▶ TASK INSTRUCTIONS
Would you output the lines from the one with "Folded Mushroom Alice Neitzert" through the last line of the material below, exactly, but without pictures?

▶ SUPPLIED RECORDS
★ ★ ★ ★

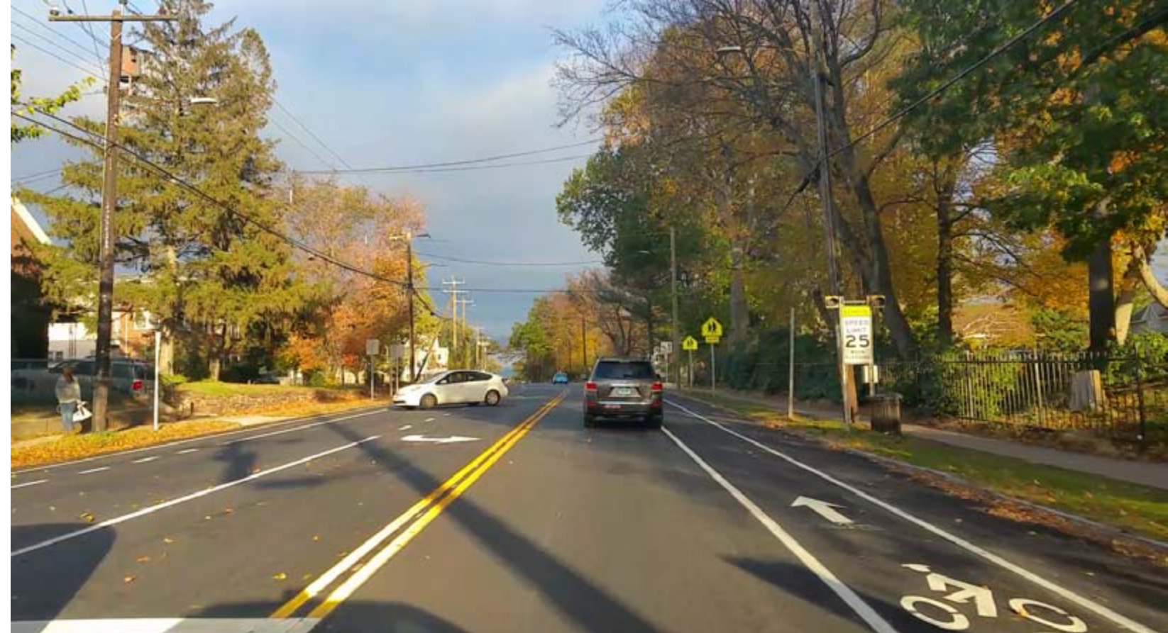
Photo Credit: Joe Balskus, Burnside Avenue Complete Street at Francis Street in East Hartford.
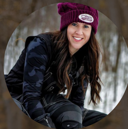
RICCA MOUNTIN 21K FOLLOWERS
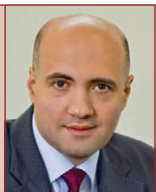
Dimitri Gvindadze Minister of Finance
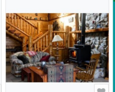
CABIN stay in the Rocky ...

Join people from all over the country to hear and see how God is blessing and moving through Mission Experience. There will be auction items available such as a week at a ski in/ski out Condo in Vail, four days at a large cabin near Fairplay CO and a Lakehouse in WI. To view the items and bid please go to:
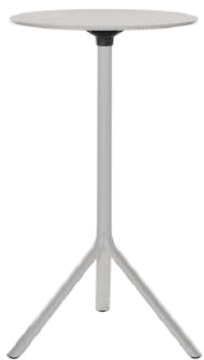
MIURA foldable 9553-71-FD-02-FM02 23 5/8" d white/white hpl list $1,360 ☼
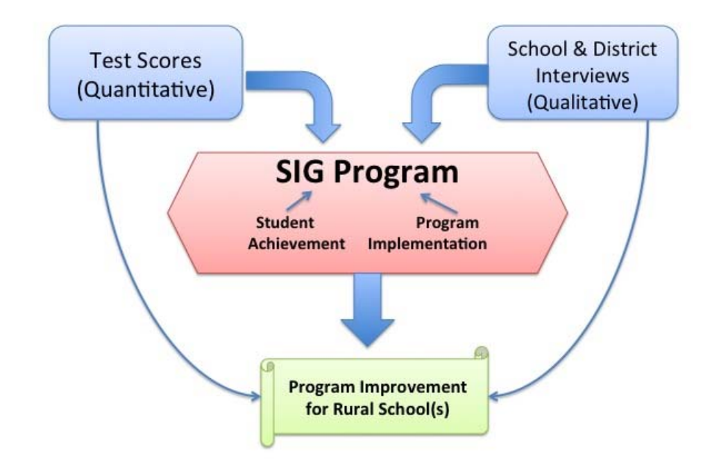
Figure 2. Concept map of complementarity mixed methods

the students' test scores is gleaned from both pieces rather than from either piece on its own. Figure 2 depicts a more general graphical representation of this concept.
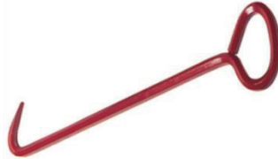
Access Cover Hook
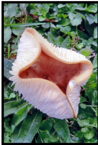
Folded Mushroom Alice Neitzert
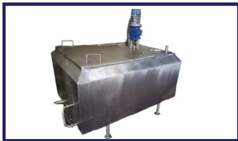
HORIZONTAL MILK STORAGE TANK
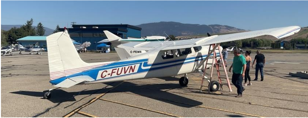
Cessna 180A C-FUVN
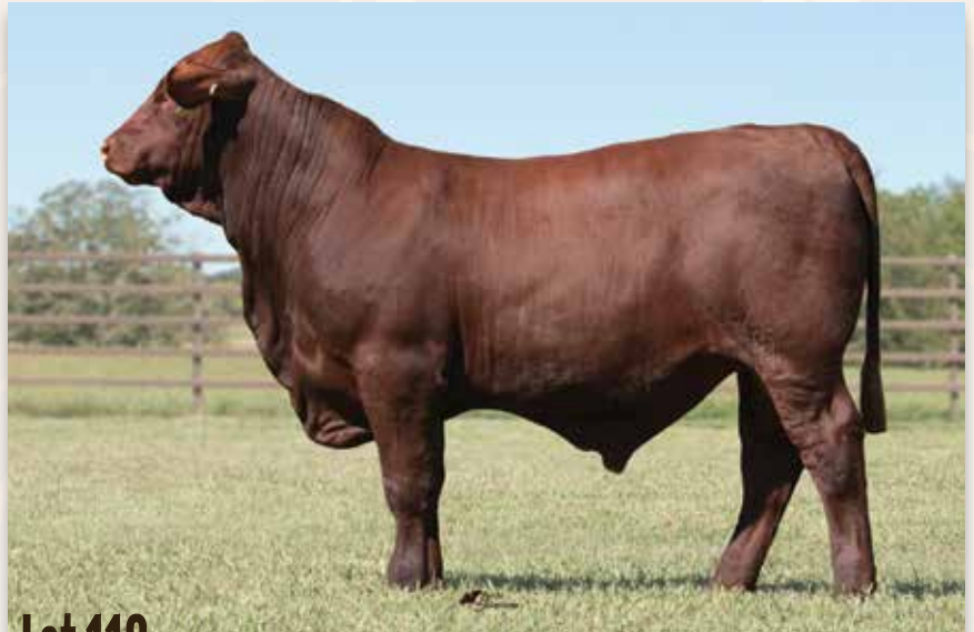
Lot 118 - QVF LEGACY 82J

★ ★ ★ ★

▶ SOLUTION TO THIS EXERCISE
Folded Mushroom Alice Neitzert
HORIZONTAL MILK STORAGE TANK
Cessna 180A C-FUVN
Lot 118 - QVF LEGACY 82J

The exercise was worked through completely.